Hello I am back; for a minute anyway. I was pretty sick for a couple of weeks then I became a bit of a basket case.
I'm not "fine" now; but I am here.
My brain has been exploding with whys lately. I let myself get in to a mode of, "what could I have done differently", None of this is healthy but it is what is there.
Kenny went back to jail, while there was working on a plan, once again, upon release, he went back into the cycle of drinking and anger. I worry for him, his brain doesn't function normally in the first place, he does everything ,it seems, to make himself worse.

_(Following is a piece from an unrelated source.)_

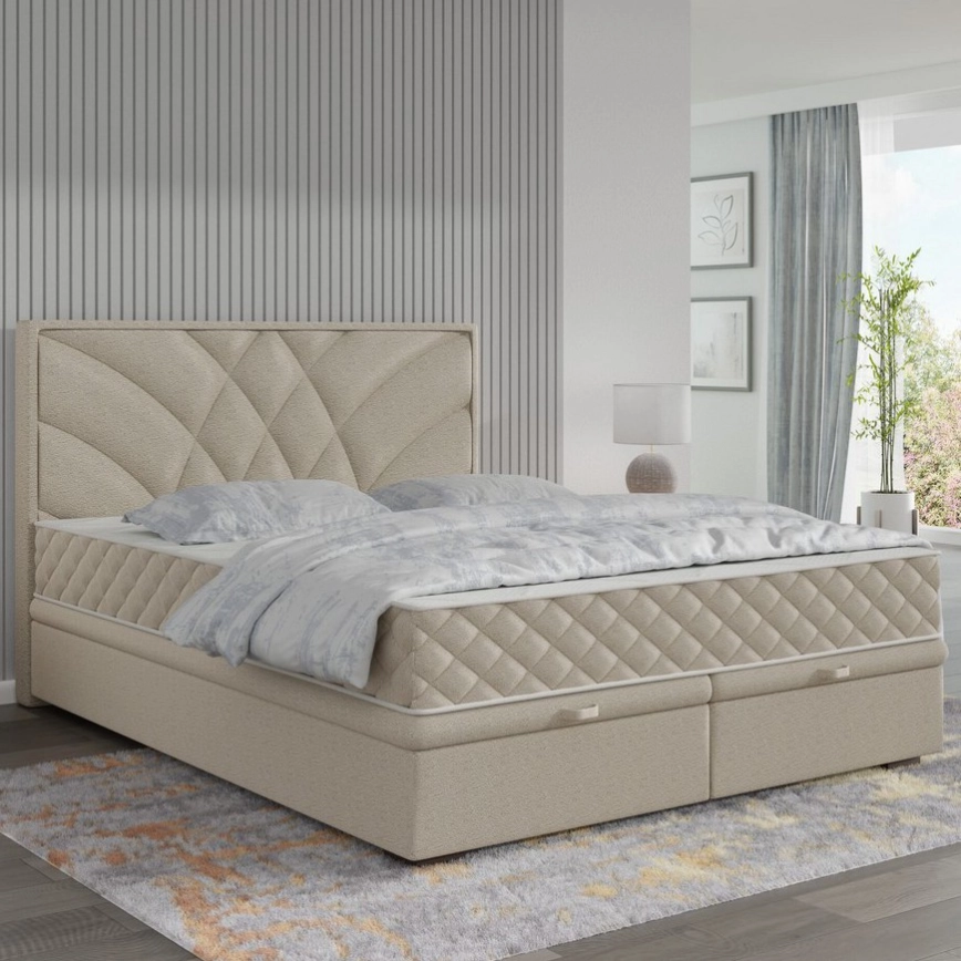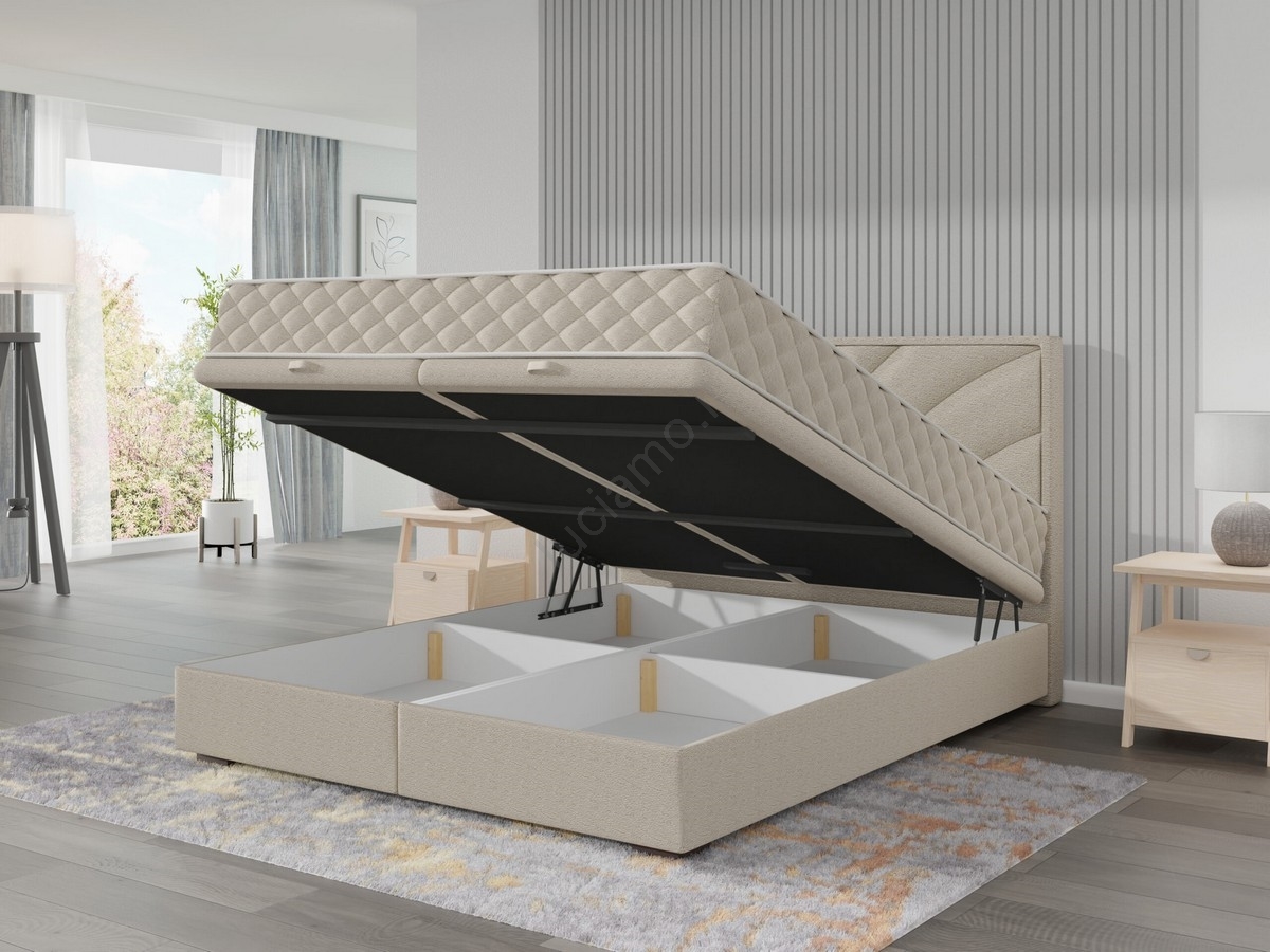 Letto imbottito GINA 160x200 cm con materassi e vano contenitore, beige

I realized a few things about my mother as well, this put me into a spin of how I could help, I came to the conclusion that again, there is nothing more I can do.
Henry will have to have another surgery, this little boy suffers all the time as do all the members of his family, who are amazing.
My other son and his family are also having trials and tribulations as we all do, I do what I can to assist and not enable poor behavior.
I had a physical today, all the physical things wrong with me are pretty minor at this point but will progress and nothing can really be done about that either.
To conclude, I am feeling utterly helpless and don't know what to do with myself. I walk around and take pictures and work on my yard. I take care of Lewis sometimes and I take care of Tristyn once in awhile.
I know I will get through this mood or whatever it is, I will never be in the darkness as I have been before; right now it is just difficult to see the light. Thankfully ,I do know it is there.